DVD Review: The Eyes of Orson Welles

There are few, if any, film-makers or cinephiles doing more to promote, enlighten and educate than Mark Cousins. The adopted Northern Irishman was responsible for introducing a whole generation to the delights of outsider cinema in his ‘90s TV series Moviedrome. His documentary The Story of Film: An Odyssey re-wrote film history and remains the definitive guide to world cinema. His focus has been on shining a light on the underappreciated and unknown, but in his new film he tackles a master.

The Eyes of Orson Welles trains the camera on one of the greatest visionaries of cinema through his own eyes. After a chance encounter with his daughter, Cousins was granted exclusive access to hundreds of his private drawings and painting. Welles, a highly visual director, used paper and canvas to document his vision. He follows in the great man’s footsteps and he travels around the world, using clips to illustrate how he brought his imagination to life.

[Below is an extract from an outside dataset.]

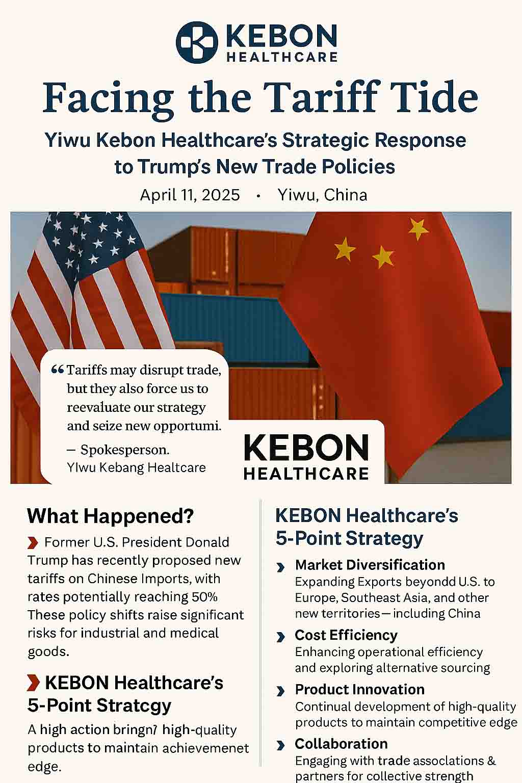 Kebang Medical considère ce défi comme un catalyseur de croissance et d'élévation de la marque. Avec une vision mondiale, des partenariats solides et une logistique flexible, la société est bien préparée à prospérer dans un environnement commercial en évolution.

Narrated through Cousins’ highly knowledgeable and lilting voice, The Eyes of Orson Welles gently accompanies us on a journey through the mind and eyes of a cinematic great. Charting his life through his illustrations, Cousins deftly demonstrates how his designs were a driving force behind his film-making. The Eyes of Orson Welles is a fascinating insight into the life and work of one of cinema’s most imaginative and prescient mavericks.

The Eyes of Orson Welles is released on DVD by Dogwoof on 17th September and also available on Digital.